We see that the slopes vary by about .08 and the intercepts vary by .25

To run the chow test, we need 4 inputs for chow.test. We need the two standardized variables from the the “Select” data frame: clev.select and the two standardized variables from the the “Rest” data frame: clev.rest.
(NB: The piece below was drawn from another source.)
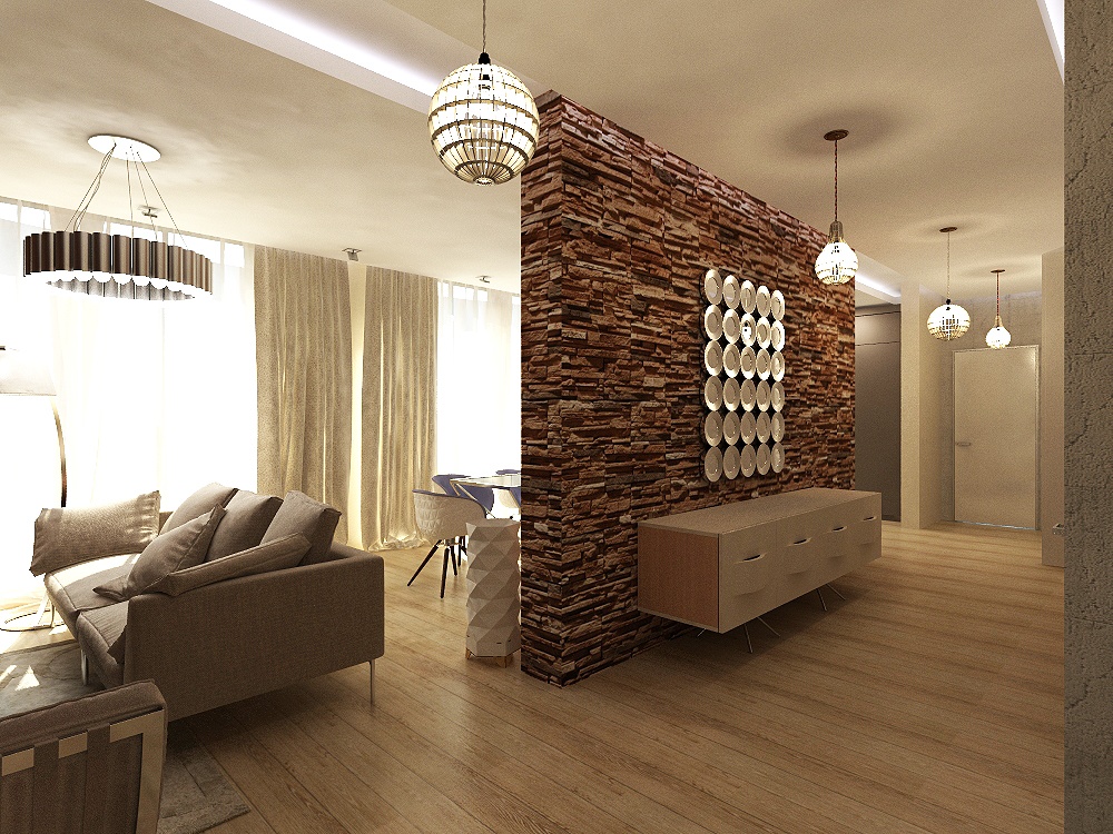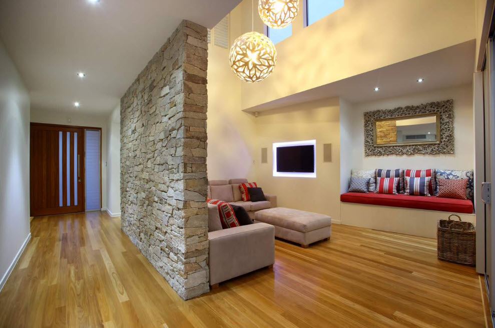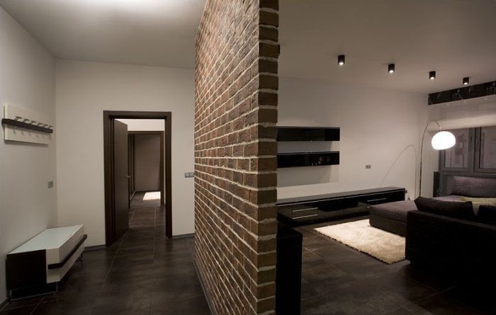 Sur de telles cloisons intérieures, vous pouvez suspendre en toute sécurité des étagères, des armoires gigantesques ainsi que diverses structures massives. Si cette conception est faite de briques creuses, cette solution réduira la charge sur le sol d'environ 20-30%, mais l'isolation acoustique diminuera de la même manière. En raison du poids important de la brique, il est nécessaire de faire appel à des spécialistes pour l’érection de cloisons intérieures en ce matériau dans les immeubles à appartements ainsi que dans les étages supérieurs des logements privés.

chow <- chow.test(clev.select$standardized_lag_sale_price, clev.select$standardized_sale_price, clev.rest$standardized_lag_sale_price, clev.rest$standardized_sale_price)
chow

##     F value       d.f.1       d.f.2     P value 
##   2.2974700   2.0000000 201.0000000   0.1031467

With a p-value of .103 we do not have significant evidence to conclude that the slopes of the two regressions are different under a standard alpha level of .05.

10.3 Spatial Correlogram

10.3.1 Concept

A non-parametric spatial correlogram is an alternative measure of global spatial autocorrelation that does not rely on the specification of a spatial weights matrix. Instead, a local regression is fit to the covariances or correlations computed for all pairs of observations as a function of the distance between them (for example, as outlined in Bjornstad and Falck 2001).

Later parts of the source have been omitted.